Not defending this in the slightest, but do remember that underwear and swimwear at the beginning of that era was overalls and parachute pants specifically designed to hide the body’s form. Assuming a legitimate medical evaluation for just one moment, that couldn’t be obtained with the undergarments of the day. I’m sure that’s at least partly why it didn’t strike everyone at the time as immediately absurd to need the students naked.
The internet didn't exist yet, photos weren't then the problem they are today. I don't know about the women but the men's swim team likely swam nude. You are imposing today's sensibilities on the society of 70 years ago.
Thank you for this. I recall coming across a collection of these nude posture studies on the Internet and wondered how this came about. One positive aspect was it reinforced my view of not judging the bodies of individuals compared to those of models.
Posture Pictures were not taken just in colleges. In the 1960's my girl's boarding school took the pictures and had an associated class called "Body Mechanics" to correct "imperfections". The rumor was that the phtos were shipped to the Yale school of medicine for perusal. Less than a rumor was the whispering about the two women who ran the gym program - they had lived together for years and were assumed to be lesbians. I the late 60s they retired and with them went the dreaded and abhored posture pictures.

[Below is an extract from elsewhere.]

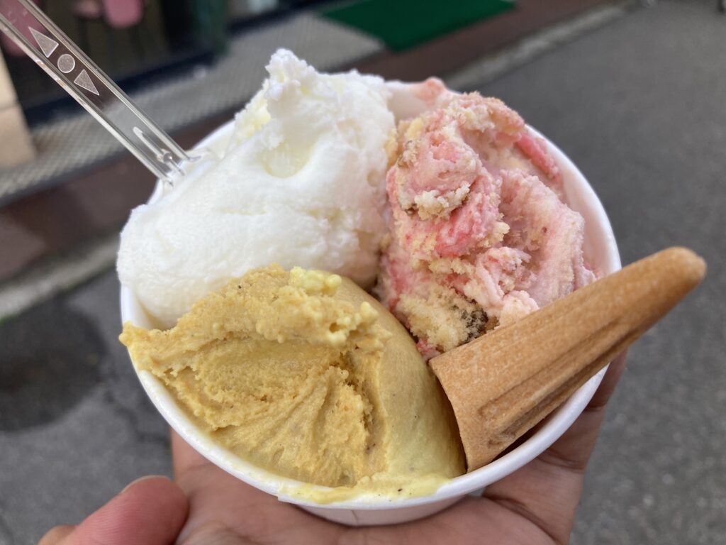いやあ、相変わらずたまらんちゃね…。甘さはくどくなくてよぉ、素材の味がきっちり主張しとる感じが良いちゃ。桜餅は中に餅が入ってて食べててアクセントになるし、よく考えられとるジェラートやちゃ。
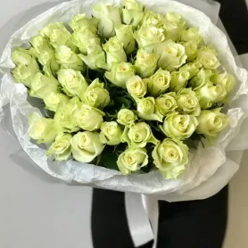 Моно-букет 51 белая роза Кения 35см

As a student physical therapist in 1978 we were obliged to purchase Florence P Kendall's "MuslcesTesting and Function"; first printed in 1949 (I think). My understanding is that the many nude (but censored) photographs of external muscle anatomy were from incoming West Point and/or Annapolis cadets. Ms. Kendall did write, along with her husband, many books and pamphlets on proper posture. It is still a very timely subject as many of my patients enter into treatment for poor posture amplified by sitting in front of a computer and rounding their shoulders and craning their neck. Posture still matters it seems. Thanks for another fascinating video!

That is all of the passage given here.